---------- GIVEN DATA
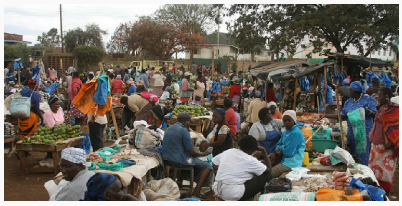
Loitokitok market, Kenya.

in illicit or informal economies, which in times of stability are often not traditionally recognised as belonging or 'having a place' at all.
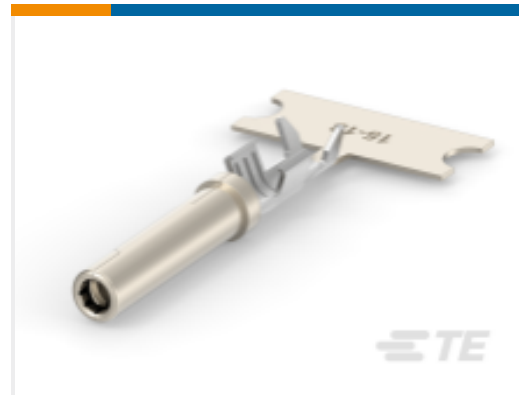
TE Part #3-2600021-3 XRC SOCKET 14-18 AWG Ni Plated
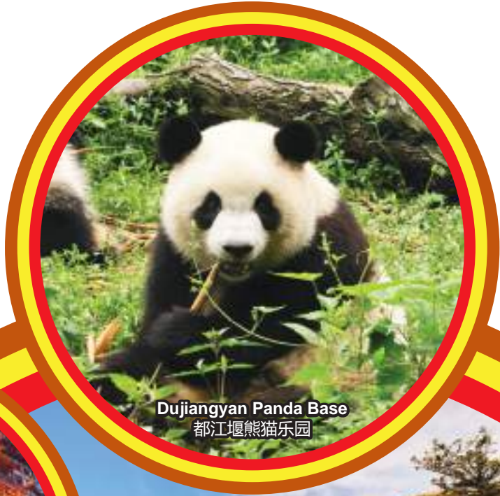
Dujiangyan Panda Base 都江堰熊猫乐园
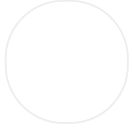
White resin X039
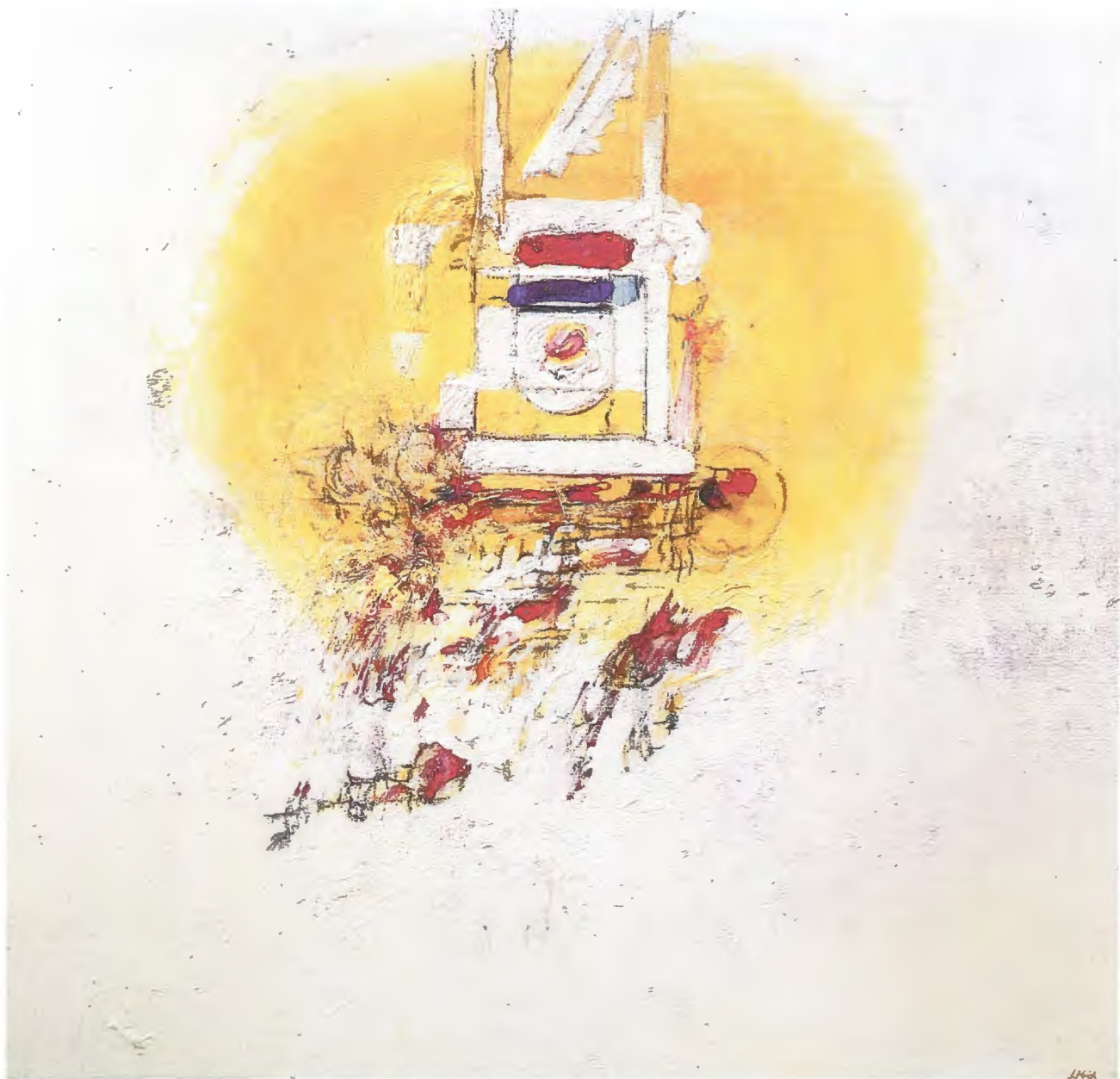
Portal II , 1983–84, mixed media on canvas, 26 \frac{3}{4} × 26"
--------------------
---------- GIVEN DATA
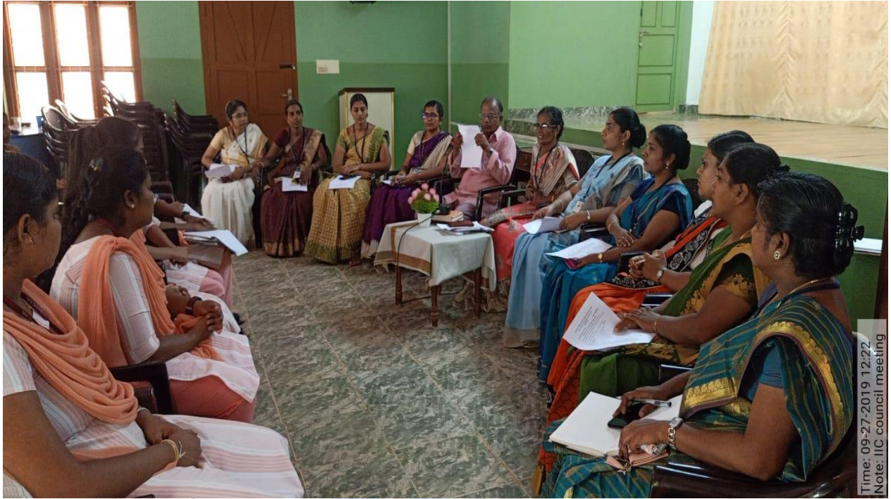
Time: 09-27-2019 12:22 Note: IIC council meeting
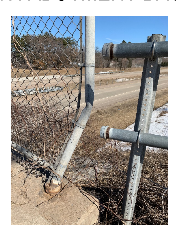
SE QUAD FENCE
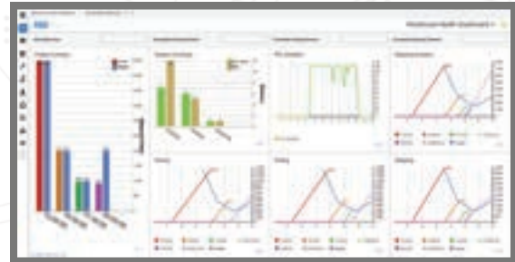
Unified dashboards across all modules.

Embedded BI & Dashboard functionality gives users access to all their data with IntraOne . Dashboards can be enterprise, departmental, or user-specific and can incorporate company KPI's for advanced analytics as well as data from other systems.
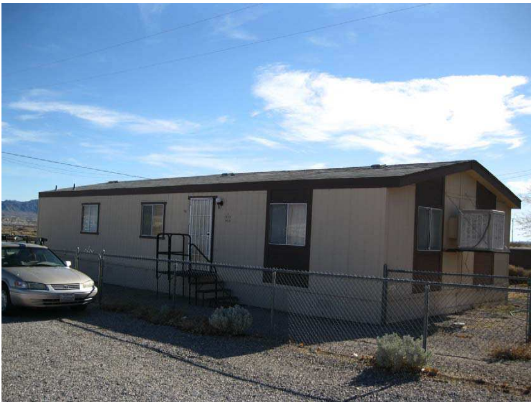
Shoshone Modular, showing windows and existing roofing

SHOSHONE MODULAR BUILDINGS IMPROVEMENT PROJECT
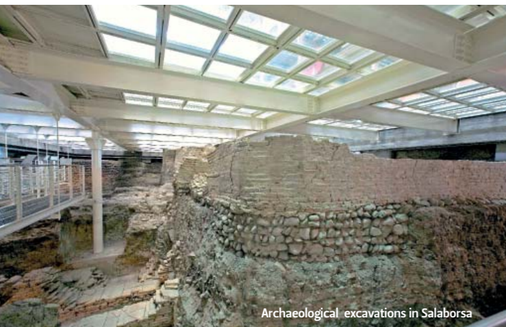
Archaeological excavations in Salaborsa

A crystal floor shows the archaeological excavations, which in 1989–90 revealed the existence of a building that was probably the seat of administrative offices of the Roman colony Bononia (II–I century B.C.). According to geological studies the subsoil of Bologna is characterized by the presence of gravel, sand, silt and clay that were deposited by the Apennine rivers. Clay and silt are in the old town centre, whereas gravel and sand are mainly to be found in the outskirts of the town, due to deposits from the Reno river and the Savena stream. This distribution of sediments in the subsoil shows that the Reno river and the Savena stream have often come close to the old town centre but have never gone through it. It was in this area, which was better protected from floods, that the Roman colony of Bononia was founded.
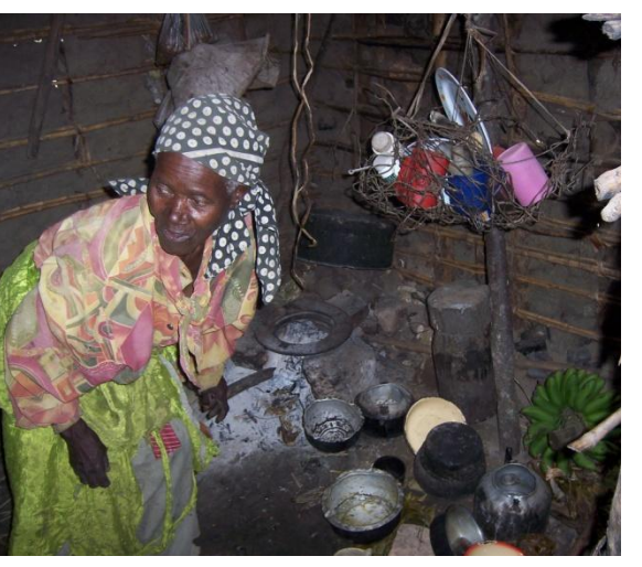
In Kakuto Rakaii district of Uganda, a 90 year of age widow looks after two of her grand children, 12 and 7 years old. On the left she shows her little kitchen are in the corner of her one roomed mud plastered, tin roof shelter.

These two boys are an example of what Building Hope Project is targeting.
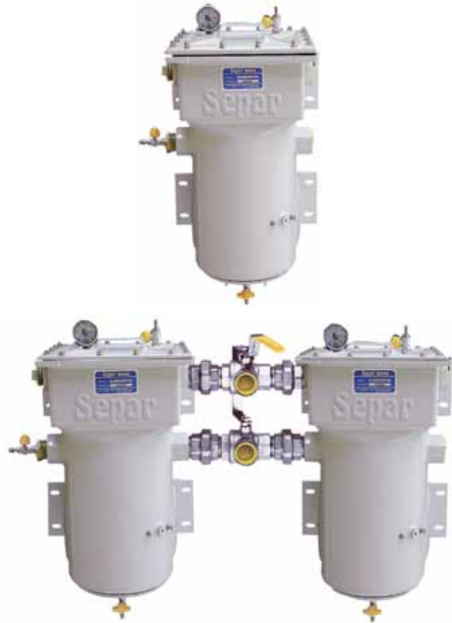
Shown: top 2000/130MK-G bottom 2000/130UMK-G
--------------------
Would you write out exactly the lines above, starting at the line containing "White resin X039" and stopping after the line containing "Portal II , 1983–84, mixed"? Omit the pictures.

▶ **ANSWER SPACE**:
White resin X039
Portal II , 1983–84, mixed media on canvas, 26 \frac{3}{4} × 26"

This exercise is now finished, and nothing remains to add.